Validation set

Machine learning data is divided into three categories: training sets, validation sets, and test sets. When I first looked at TensorFlow, I never understood what validation sets were for.

If we need to choose between 10 polynomials of different degrees, the training set is the parameter θ of each formula of the training parameter, and the verification set is used to select which formula has the smallest error. Because the parameters are trained by training set, it will be inaccurate to compare which formula has the smallest error with the data of training set.

General training set accounted for 60% of the data, validation set and test set 20% each.

Error and polynomial degree

The figure shows the relationship between training set cost error and validation set cost error and polynomial number.

For the training set, when D is small, the fitting degree of the model is low and the error is large. With the increase of D, the error is smaller and the fitting degree is higher and higher. (It will overfit in the end, but the error of the cost function for the training set is always smaller).
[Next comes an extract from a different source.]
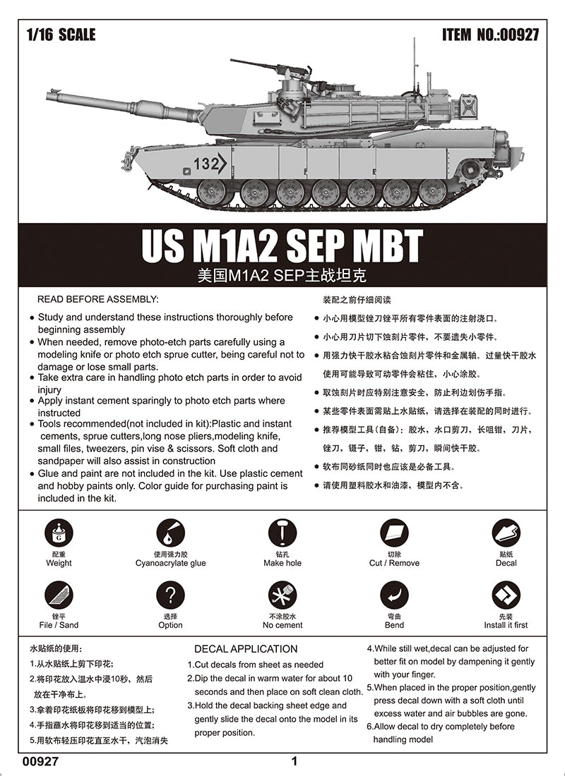 Trumpeter 927 1/16 scale US M1A2 SEP MBT Abrams. This kit includes parts for the assembly of one plastic model kit. The set requires both glue and paint in order to be completed. Paints and glue are not included. For modelers aged 14 and older.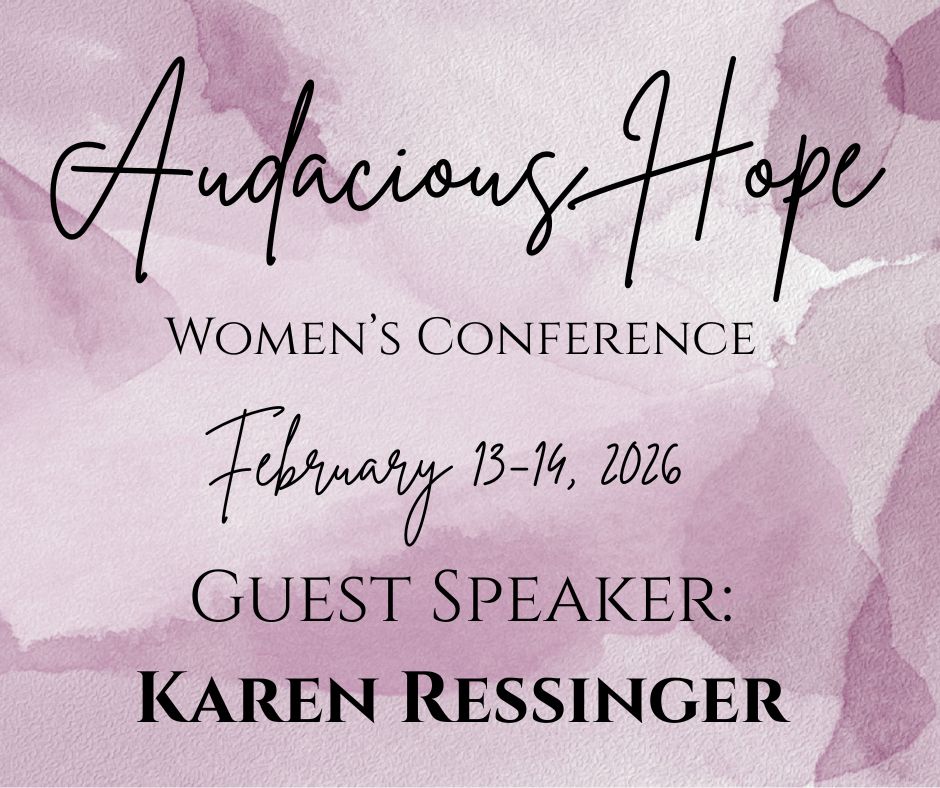 We are blessed to be hosting a women’s conference February 13th and 14th, 2026. Guest speaker, Karen Ressinger, will be speaking about worship in a study entitled “Audacious Hope”.

For the cross validation set, when D is small, the fitting degree is low and the error is large. With the increase of D, the error becomes smaller, and then due to overfitting, the error will increase again.

When the training set error and validation set error are approximate: deviation (underfitting) Validation set error is much larger than training set error: variance (overfitting)

Regularization and bias/variance

Regularization methods are often used to prevent overfitting, so similar problems should be considered in the selection of parameters.

The larger λ is, the less overfitting will occur.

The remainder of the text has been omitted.